→ **Activity**
Every entry below should be returned exactly as it appears, with pictures left out.

··· Extracted records

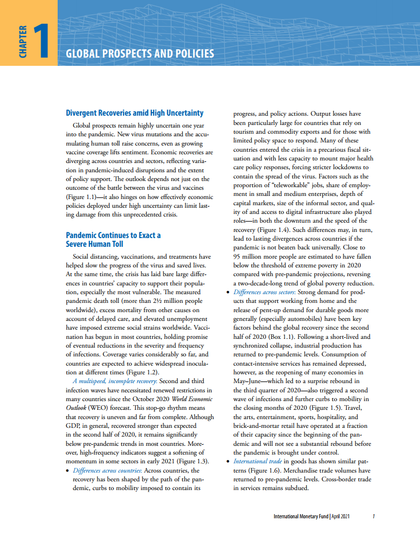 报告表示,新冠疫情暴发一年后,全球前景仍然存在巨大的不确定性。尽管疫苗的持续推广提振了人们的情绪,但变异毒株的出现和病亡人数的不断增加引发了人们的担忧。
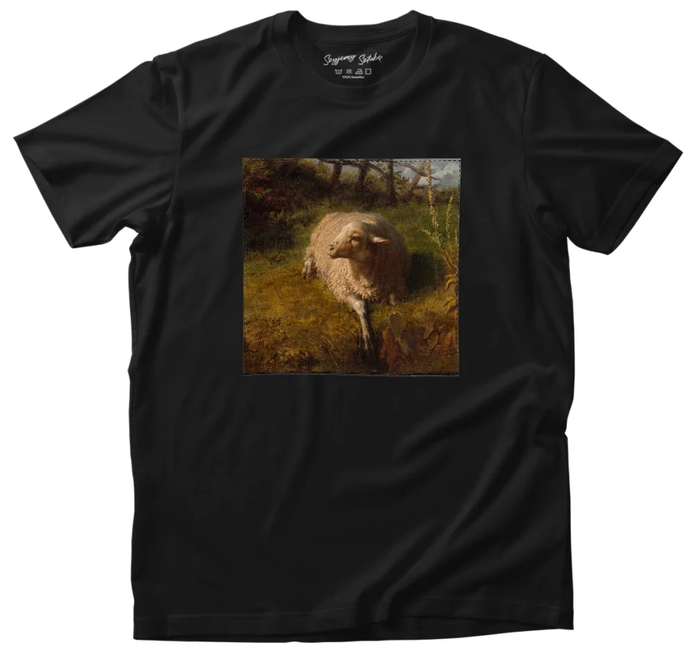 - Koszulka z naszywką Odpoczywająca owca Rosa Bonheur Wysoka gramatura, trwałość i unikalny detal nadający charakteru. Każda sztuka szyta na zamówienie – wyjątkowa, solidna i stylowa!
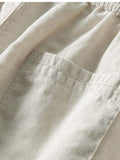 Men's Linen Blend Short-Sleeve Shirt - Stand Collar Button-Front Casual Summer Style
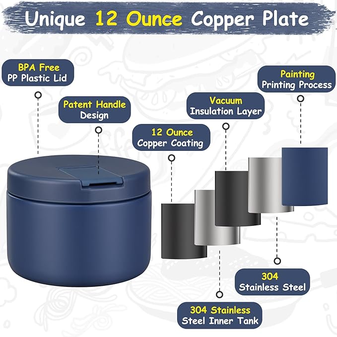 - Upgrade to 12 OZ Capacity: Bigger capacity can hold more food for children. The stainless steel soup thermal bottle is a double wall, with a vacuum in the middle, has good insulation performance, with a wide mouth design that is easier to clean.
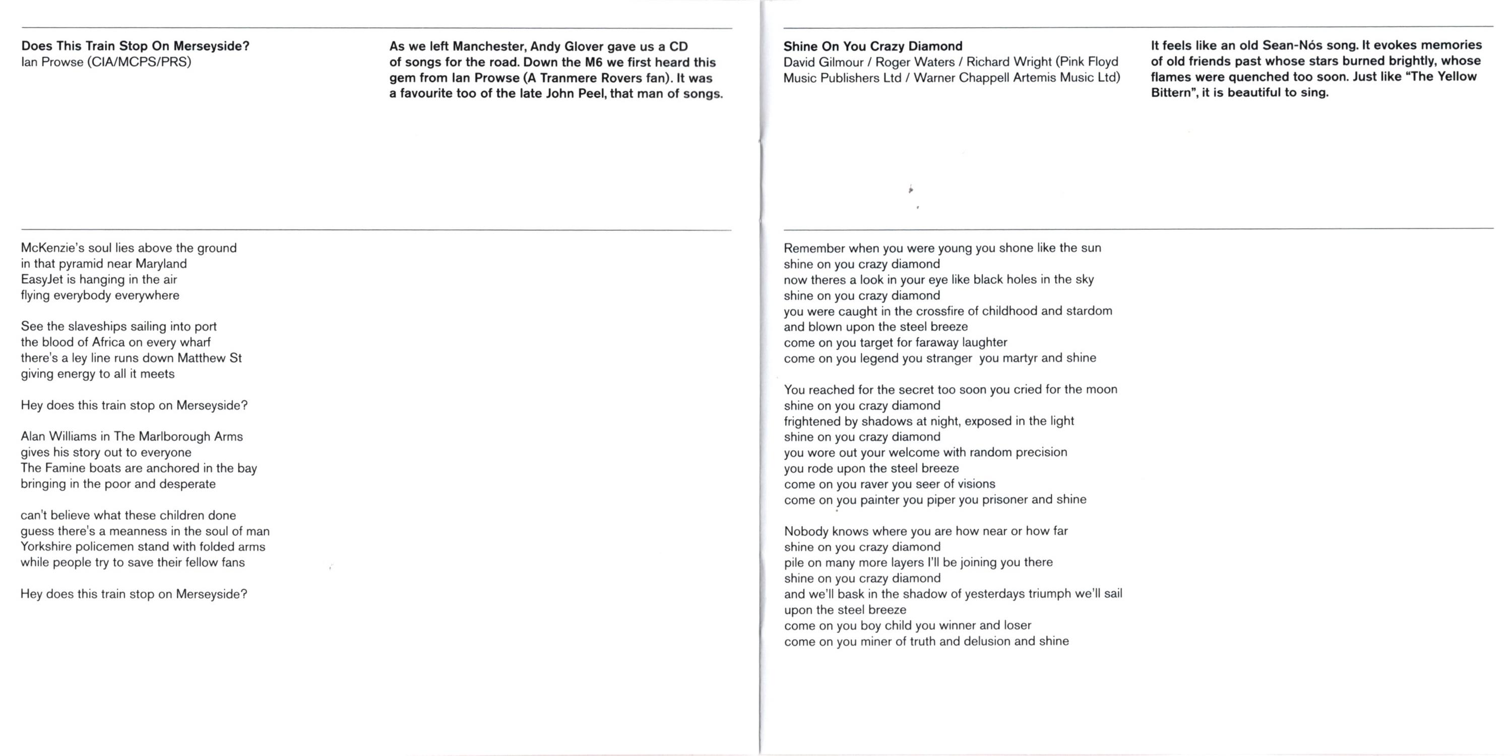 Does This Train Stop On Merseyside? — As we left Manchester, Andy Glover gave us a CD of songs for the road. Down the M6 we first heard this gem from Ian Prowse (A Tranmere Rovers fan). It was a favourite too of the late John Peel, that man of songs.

······

→ **Solution to this task**
 报告表示,新冠疫情暴发一年后,全球前景仍然存在巨大的不确定性。尽管疫苗的持续推广提振了人们的情绪,但变异毒株的出现和病亡人数的不断增加引发了人们的担忧。
 - Koszulka z naszywką Odpoczywająca owca Rosa Bonheur Wysoka gramatura, trwałość i unikalny detal nadający charakteru. Każda sztuka szyta na zamówienie – wyjątkowa, solidna i stylowa!
 Men's Linen Blend Short-Sleeve Shirt - Stand Collar Button-Front Casual Summer Style
 - Upgrade to 12 OZ Capacity: Bigger capacity can hold more food for children. The stainless steel soup thermal bottle is a double wall, with a vacuum in the middle, has good insulation performance, with a wide mouth design that is easier to clean.
 Does This Train Stop On Merseyside? — As we left Manchester, Andy Glover gave us a CD of songs for the road. Down the M6 we first heard this gem from Ian Prowse (A Tranmere Rovers fan). It was a favourite too of the late John Peel, that man of songs.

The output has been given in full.